## What to produce
Print the lines below from the line with "You’ll pair an" to the line with "2. Turn the" exactly, keeping both ends, and print no pictures.

## Source data

━━━━━━━━━━━━━━━━━━━━

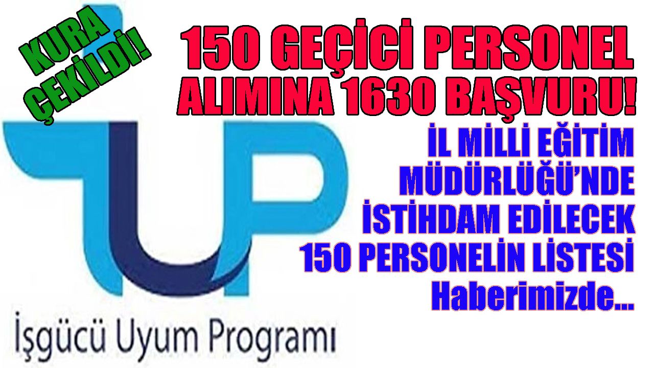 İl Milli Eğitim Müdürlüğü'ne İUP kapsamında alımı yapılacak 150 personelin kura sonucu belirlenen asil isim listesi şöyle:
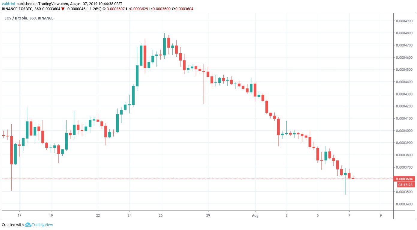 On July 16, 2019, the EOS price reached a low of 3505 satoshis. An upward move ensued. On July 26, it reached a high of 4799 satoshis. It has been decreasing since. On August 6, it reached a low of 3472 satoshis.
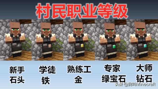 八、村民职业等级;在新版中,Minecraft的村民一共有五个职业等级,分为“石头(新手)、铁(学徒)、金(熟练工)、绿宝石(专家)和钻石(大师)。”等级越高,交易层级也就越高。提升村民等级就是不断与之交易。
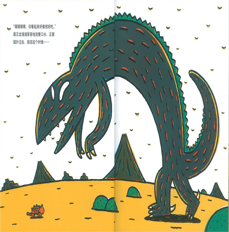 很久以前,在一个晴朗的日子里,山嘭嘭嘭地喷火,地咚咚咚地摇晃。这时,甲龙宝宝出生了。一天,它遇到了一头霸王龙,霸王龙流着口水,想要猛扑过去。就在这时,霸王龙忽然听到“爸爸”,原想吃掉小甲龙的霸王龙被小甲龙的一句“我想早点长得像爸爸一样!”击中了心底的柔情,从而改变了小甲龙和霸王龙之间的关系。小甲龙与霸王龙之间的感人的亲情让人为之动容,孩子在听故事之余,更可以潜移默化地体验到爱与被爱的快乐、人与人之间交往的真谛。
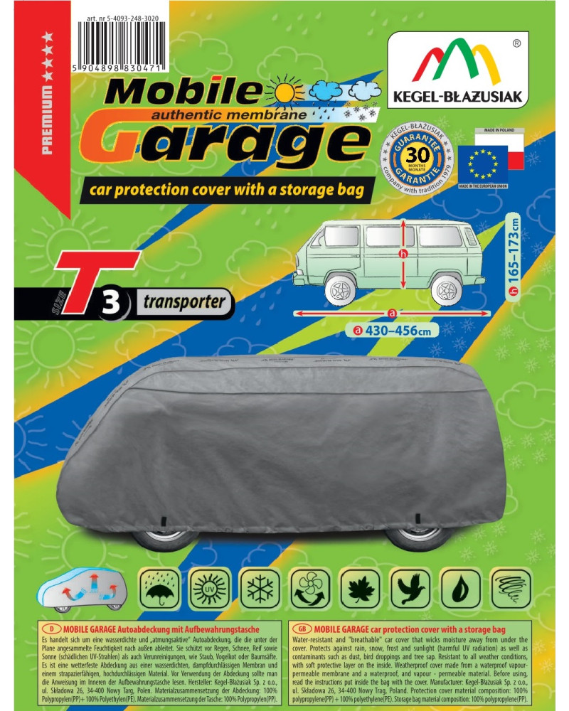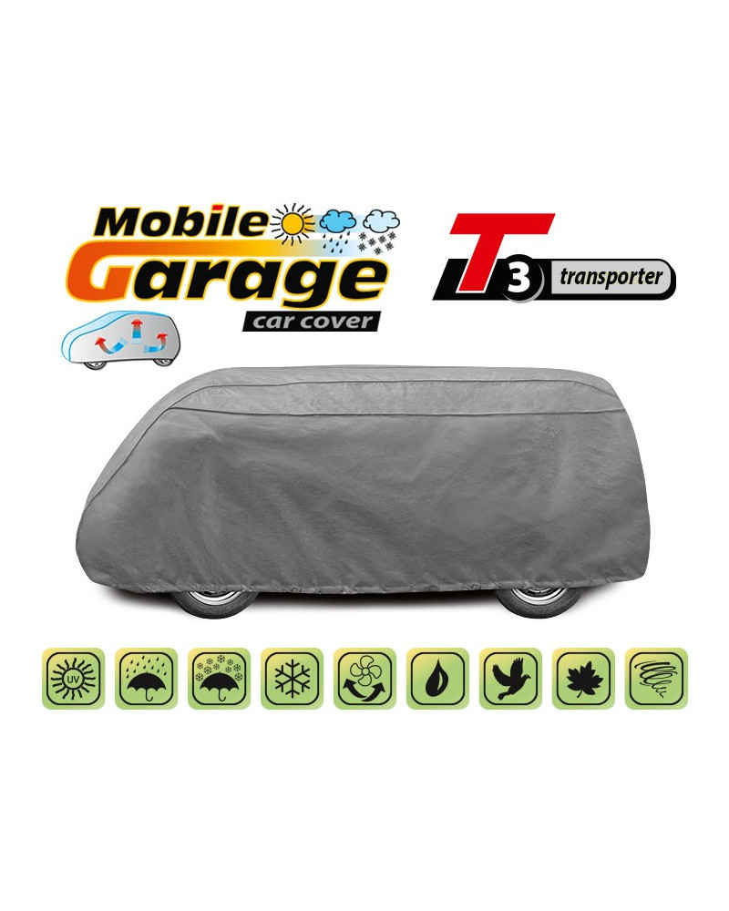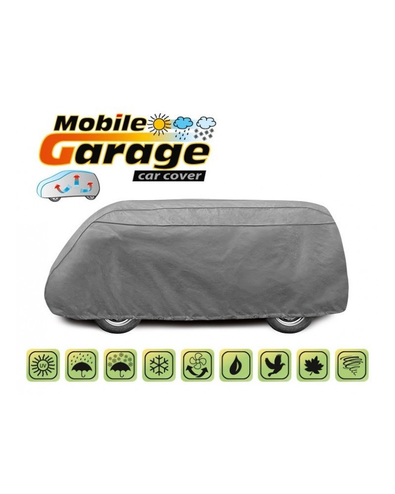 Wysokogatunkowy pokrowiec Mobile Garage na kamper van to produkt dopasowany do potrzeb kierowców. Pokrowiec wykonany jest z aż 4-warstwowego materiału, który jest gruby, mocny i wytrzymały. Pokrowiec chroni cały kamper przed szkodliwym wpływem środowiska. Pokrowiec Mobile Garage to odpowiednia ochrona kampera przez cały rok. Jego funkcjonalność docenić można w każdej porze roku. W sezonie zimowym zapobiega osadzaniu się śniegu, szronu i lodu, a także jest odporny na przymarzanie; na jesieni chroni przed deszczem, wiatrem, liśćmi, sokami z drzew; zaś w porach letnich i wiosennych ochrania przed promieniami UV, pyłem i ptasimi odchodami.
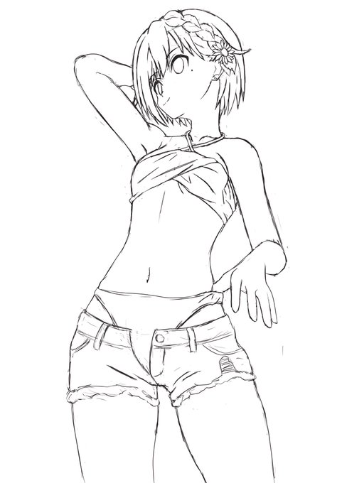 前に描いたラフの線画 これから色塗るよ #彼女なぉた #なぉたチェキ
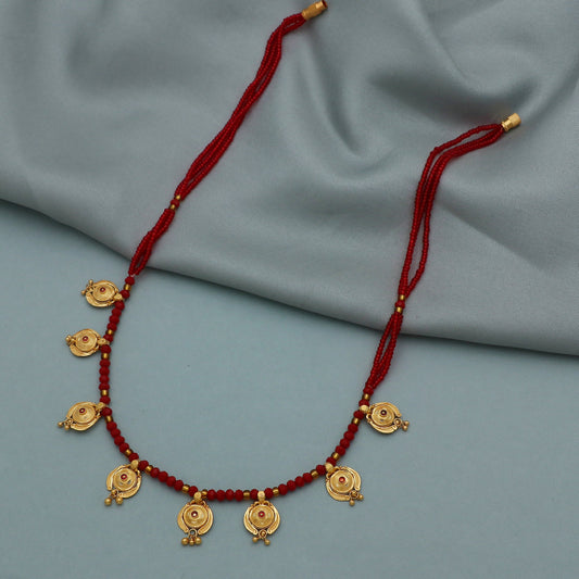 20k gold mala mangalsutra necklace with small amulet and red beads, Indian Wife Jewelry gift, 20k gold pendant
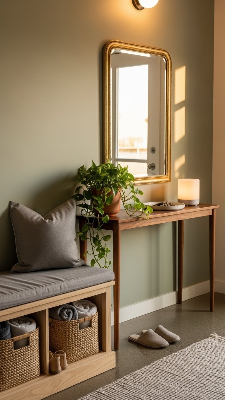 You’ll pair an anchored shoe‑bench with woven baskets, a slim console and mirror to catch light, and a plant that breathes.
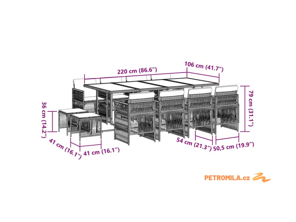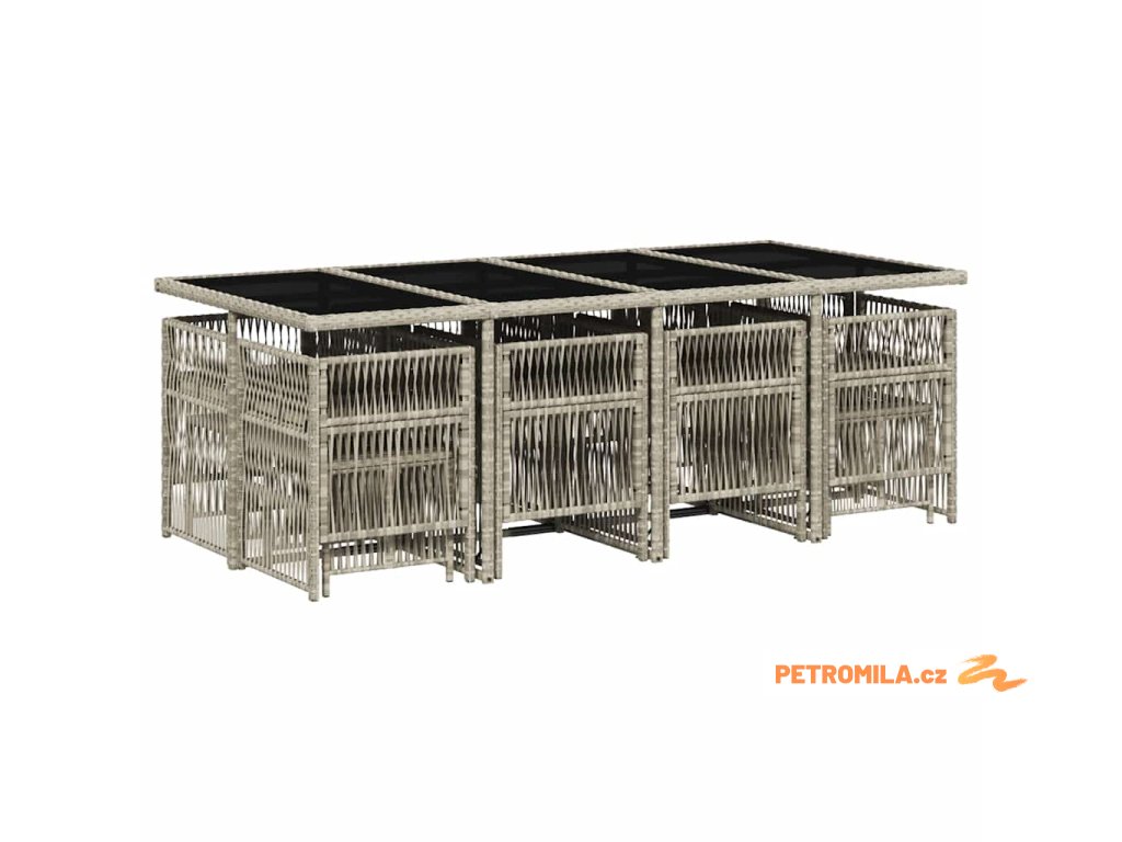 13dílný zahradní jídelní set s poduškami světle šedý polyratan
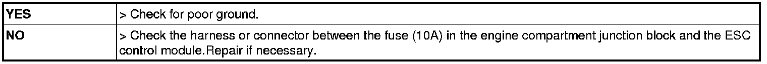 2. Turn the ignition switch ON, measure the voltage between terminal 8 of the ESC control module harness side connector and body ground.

━━━━━━━━━━━━━━━━━━━━

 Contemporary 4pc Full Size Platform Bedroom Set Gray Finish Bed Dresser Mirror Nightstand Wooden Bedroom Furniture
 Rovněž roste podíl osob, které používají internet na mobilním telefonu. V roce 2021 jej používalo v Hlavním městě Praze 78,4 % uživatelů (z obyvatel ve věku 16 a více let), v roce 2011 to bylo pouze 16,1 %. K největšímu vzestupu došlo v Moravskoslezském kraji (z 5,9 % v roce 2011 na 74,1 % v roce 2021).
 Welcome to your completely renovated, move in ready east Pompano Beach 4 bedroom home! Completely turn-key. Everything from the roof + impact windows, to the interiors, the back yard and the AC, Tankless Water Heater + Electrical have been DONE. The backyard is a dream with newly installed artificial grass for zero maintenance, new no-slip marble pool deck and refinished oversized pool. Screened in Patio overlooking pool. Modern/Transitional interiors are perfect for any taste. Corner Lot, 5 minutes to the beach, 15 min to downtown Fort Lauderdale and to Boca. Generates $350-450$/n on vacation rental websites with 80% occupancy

━━━━━━━━━━━━━━━━━━━━

## Task output
 You’ll pair an anchored shoe‑bench with woven baskets, a slim console and mirror to catch light, and a plant that breathes.
 13dílný zahradní jídelní set s poduškami světle šedý polyratan
 2. Turn the ignition switch ON, measure the voltage between terminal 8 of the ESC control module harness side connector and body ground.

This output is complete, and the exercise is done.